Wind Tunnel Wall Interference Correction based on Data and Artificial Neural Network
Fig 1. Wind tunnel test
Wind tunnel test is an important part in the development of aircrafts, such as analyzing performance of aircraft and generating aerodynamic data. In case of the wind tunnel test, unlike the free-air state, errors due to the wind tunnel wall effect are included in the data because it simulates flights in the closed wall state. These errors cause a difference between CFD data and wind tunnel data and make it difficult to predict the performance of the aircraft.
Fig 2. Prior methods used to correct wind tunnel wall interference
Wind tunnel wall interference correction methods include empirical method, numerical method and wall boundary measurement method. Classical method which is one of the numerical methods are mainly used in academia and on the ground. However, in the case of existing methods, there is a limit to correcting wall interference by accurately considering the effects of parameters such as wind tunnel type, test wall type and flow conditions.

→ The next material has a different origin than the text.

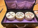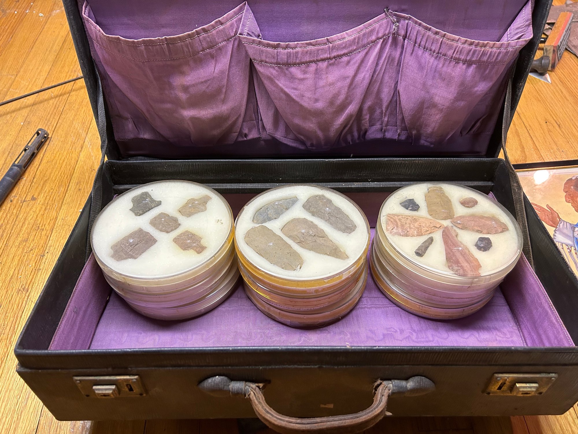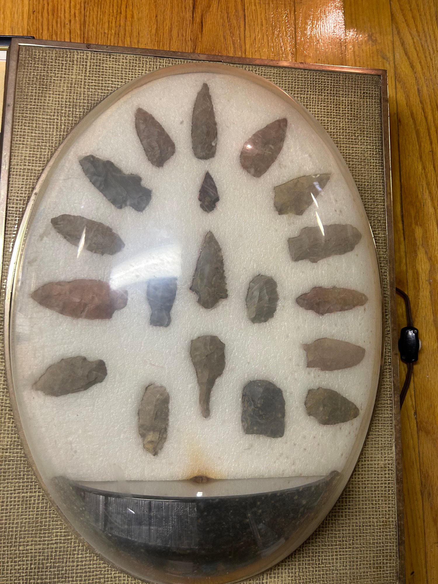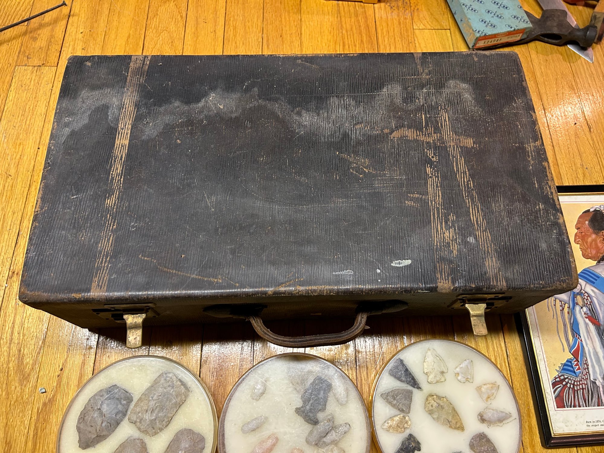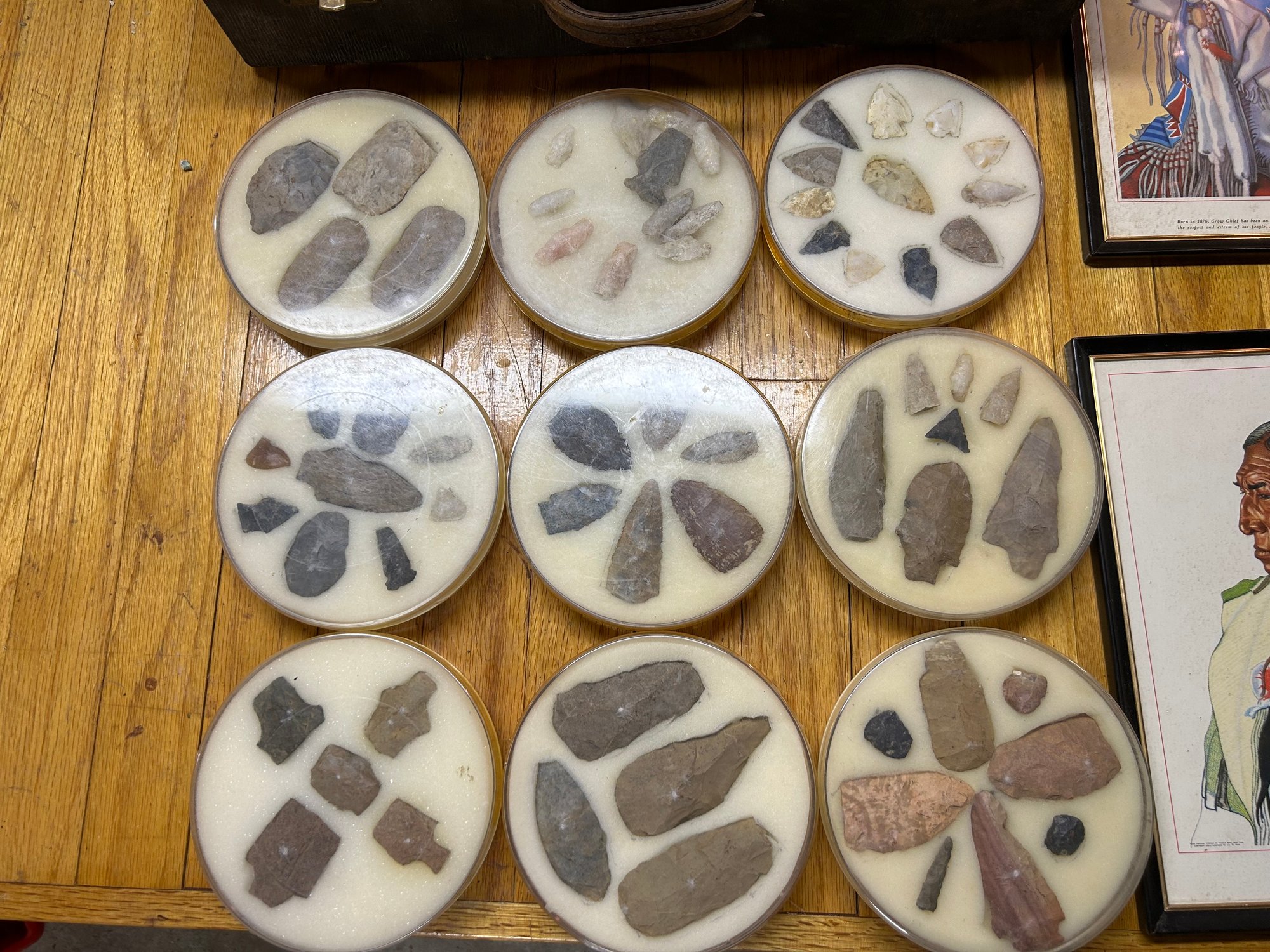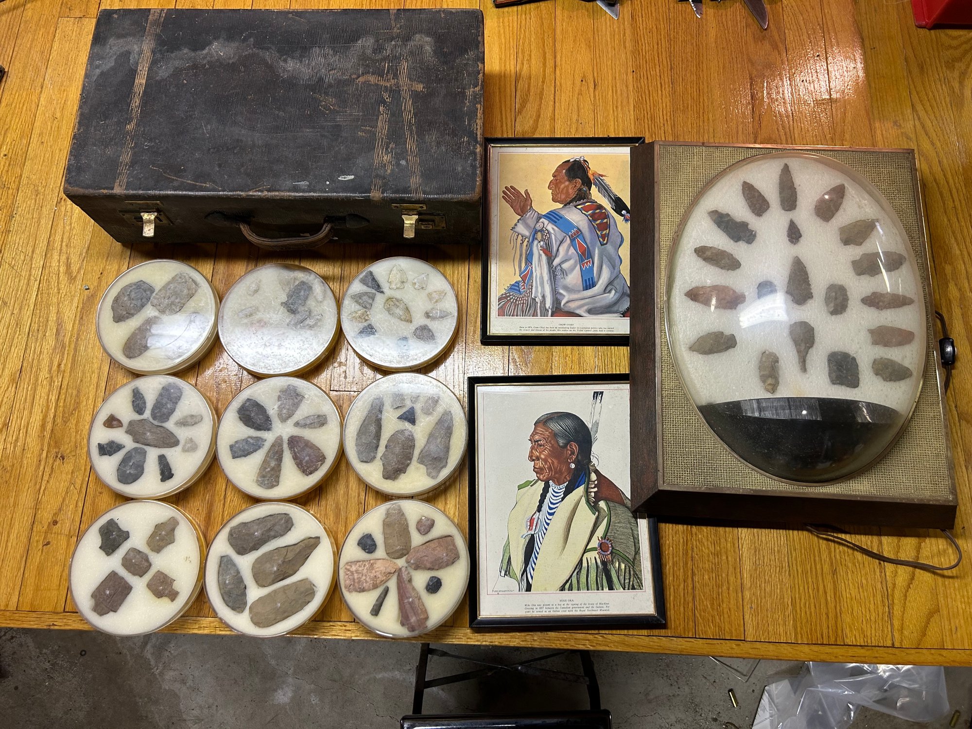 Native American Indian arrowhead lot includes nine 6 1/4 inch cylinders filled with arrowheads set in foam, a large framed display with dome plastic cover 20“ x 15 1/2“ and two Native American prints, Mike Oka and crow chief. With leather carrying case.

Therefore, in this study, after analyzing the sensitivity of parameters affecting the wall interference through data mining, wall interference was corrected by constructing the deep neural network which uses major parameters as input parameters.
Fig 3. Research overview
Final goal of this research : Confirmation of the possibility of a data-based simple and rapid wind tunnel wall interference correction method that exceeds the limitations of existing methods.